El gobierno de Donald Trump ha recaudado más de 13.000 millones de dólares procedentes de las ventas de crudo venezolano este año, según cálculos del Financial Times, pero apenas ha dicho nada sobre el destino de esos fondos, desde que asumió el control de las exportaciones petroleras tras capturar al presidente Nicolás Maduro en enero e instalar a Delcy Rodríguez como la mandataria encargada

El medio británico explicó que calculó los probables ingresos petroleros de Venezuela utilizando datos sobre los envíos de crudo del país desde enero, recopilados por Kpler, una plataforma de análisis de datos y transporte de mercancías. También utilizó estimaciones de precios de la agencia Argus Media para el crudo Merey (un tipo de crudo extrapesado producido en Venezuela), así como para el Boscán y el Hamaca, dos variedades menos comunes de crudo venezolano.

Aclaró, no obstante, que los datos de precios no abarcan todas las variedades de petróleo venezolano y comienzan únicamente en febrero. El valor de los barriles con estimaciones de precio directas enviados desde enero asciende actualmente a unos 11.500 millones de dólares. «Basándose en patrones históricos de precios, se estima que los barriles sin precio asignado habrían elevado esa cifra total por encima de los 13.000 millones de dólares”, indica el medio.

Además, el Financial Times sugiere que Estados Unidos no ha transferido la totalidad de los ingresos a Venezuela, tomando en cuenta que los economistas han advertido que los indicios de una recuperación en el país son relativamente escasos.

También destaca que el gobierno de Estados Unidos ha ofrecido versiones contradictorias sobre el uso del dinero: desde una orden ejecutiva que define su papel simplemente como de “custodia” hasta declaraciones del presidente Donald Trump afirmando que Estados Unidos estaba «ganando mucho dinero» con el petróleo venezolano.

Ante ello, de acuerdo con el Financial Times, legisladores estadounidenses de ambos partidos están comenzando a presionar a la administración para que explique el destino de dichos fondos y qué medidas está tomando para prevenir la corrupción en torno a su asignación.

El congresista demócrata, Joaquín Castro, declaró al Financial Times que “la ofensiva de Trump contra Venezuela ha girado en torno al petróleo, el poder y la corrupción desde el principio; la administración Trump controla miles de millones de dólares procedentes de los ingresos petroleros venezolanos sin transparencia ni salvaguardas”, manteniendo al Congreso “al margen” de la situación.

El destino de los fondos

El Financial Times advierte que el destino de los ingresos petroleros de Venezuela ha cobrado aún más relevancia tras los dos devastadores terremotos del 24 de junio. La ONU estima que el coste de los daños en edificios e infraestructuras ascenderá, por sí solo, a 37.000 millones de dólares.

Benjamin Gedan, exfuncionario de alto rango de la Casa Blanca para América Latina durante la administración del expresidente Barack Obama, dijo que los demócratas podrían investigar el uso de los fondos petroleros si ganan el control de una o ambas cámaras del Congreso en noviembre.

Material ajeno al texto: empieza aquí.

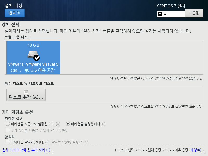 - 파티션 설정 : 자동 설정이 아닌 수동 설정

Por ahora, lo que se tienen son declaraciones de los funcionarios estadounidenses sobre cómo pueden utilizarse los fondos. Poco después de la intervención de enero, Trump declaró que él mismo controlaría dichos ingresos.

El medio recuerda que la orden ejecutiva original de enero establecía que los fondos serían propiedad del gobierno venezolano y se mantendrían en cuentas del gobierno estadounidense en calidad de «custodia gubernamental».

Sin embargo, el Departamento de Energía de Estadios Unidos ha señalado que los fondos «se desembolsarán en beneficio tanto del pueblo estadounidense como del venezolano».

En junio, Trump afirmó que Estados Unidos había recuperado el costo de la operación militar en Venezuela «28 veces» gracias al petróleo, y añadió que el país también estaba «ganando mucho dinero».

En abril, el alto funcionario del Departamento de Estado Michael Kozak declaró que se habían enviado a Venezuela unos 3.000 millones de dólares procedentes de ingresos petroleros y que KPMG estaba auditando las cuentas bancarias.

Afirmó que la administración presentaría informes trimestrales sobre los fondos, pero los demócratas del Comité de Asuntos Exteriores aseguran no haber recibido información alguna desde entonces.

Durante una audiencia en el Congreso el pasado miércoles, Kozak declaró: “Es su dinero, pero… tienen que obtener nuestro permiso”. Explicó que los fondos se destinaron a cubrir gastos tales como los salarios del sector público y la adquisición de equipos para la industria petrolera.

El Financial Times también reporta que el Departamento de Estado indicó que, bajo este sistema, se han desembolsado “miles de millones de dólares para la economía venezolana”. Aseveró que “se está llevando a cabo un seguimiento financiero para garantizar que los fondos beneficien al pueblo venezolano”.